THIS FORBEARANCE AGREEMENT (this “Agreement”), dated as of November 25, 2015, is made by and between Safety Quick Lighting & Fans Corp., a Florida corporation (the “Company”) and the undersigned holder of the Note (as hereinafter defined) (the “Investor”, and together with the Company, the “Parties”, and each, a “Party”).

 

RECITALS

 

WHEREAS, on November 26, 2013, the Company issued to the Investor that certain Secured Convertible Promissory Note in the principal amount as specified therein (the “Note”) pursuant to the terms and conditions of that certain Note Subscription Agreement, Registration Rights Agreement and Security Purchase Agreement, each dated November 26, 2013 (collectively, the “Offering Documents”);

 

WHEREAS, pursuant to Section 2 of the Note, the Maturity Date of the Note is twenty-four months from the Issuance Date, or November 26, 2015;

 

WHEREAS, under the Note, the Investor can elect to convert the balance of principal and unpaid interest into shares of the Company’s common stock as provided in the Note or to receive repayment in cash upon the Maturity Date, (collectively, the “Investor’s Election”);

 

WHEREAS, pursuant to Section 8(i) of the Note, failure to make payment in full following the Maturity Date upon the Investor’s tender of the Note will constitute an Event of Default;

 

WHEREAS, pursuant to Section 1 of the Note, if any Event of Default has occurred and is continuing, the interest rate under the Note will increase two percent (2%) above the current interest rate, and will continue to increase two percent (2%) above the then effective interest rate after every thirty (30) day period thereafter in which the Company remains in default of its obligation to pay principal and interest (“Penalty Interest”);

 

WHEREAS, in addition to the Investor’s Election, the Company has provided to the Investor a third option regarding the Note which gives the Investor an additional three (3) months to determine whether to convert the Note or seek repayment thereof (the “Forbearance”);

 

WHEREAS, the Investor has indicated its willingness to accept the Forbearance and thereby is willing to forbear its rights in connection with declaring any Event of Default under the Note, and demanding any Penalty Interest, for three months, until February 26, 2016 (the “Forbearance Date”); and

 

WHEREAS, subject to the terms and conditions of this Agreement, the Investor has agreed to the Forbearance set forth herein.

 

NOW, THEREFORE, in consideration of the promises herein contained and for other good and valuable consideration, the receipt and sufficiency of which is hereby acknowledged, the Parties agree as follows:

 

AGREEMENT

 

1.     Capitalized Terms.
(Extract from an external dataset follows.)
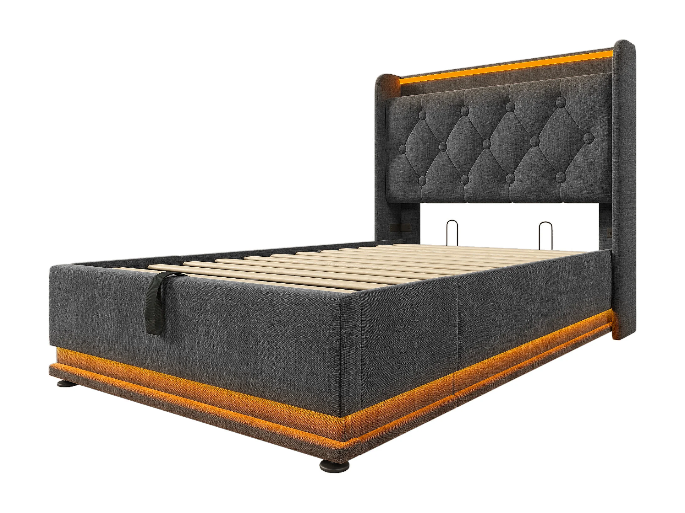 Lit enfant 90x200 cm avec rangement et lattes en bois - tête de lit avec USB et LED - lin gris - (sans matelas)

All capitalized terms used herein (including in the introductory paragraph and recitals set forth above) not otherwise defined herein shall have the meanings assigned to such terms in the Note.

 

2.     Specified Default. In the absence of the Investor’s Election, and following the Maturity Date, the Company will be in default under Sections 8(i) and 8(x) of the Note for failure to pay the outstanding amounts due under the Note (the “Specified Default”).

 

3.     Agreement to Forbear. The Investor hereby agrees to forbear from declaring during the Forbearance Period (as defined below) the Specified Default and, therefore, shall not be entitled to any Penalty Interest during the Forbearance Period (as defined below). The Investor shall also refrain from exercising any of its rights and remedies in connection with an Event of Default under the Offering Documents or at law or in equity during the Forbearance Period (as defined below).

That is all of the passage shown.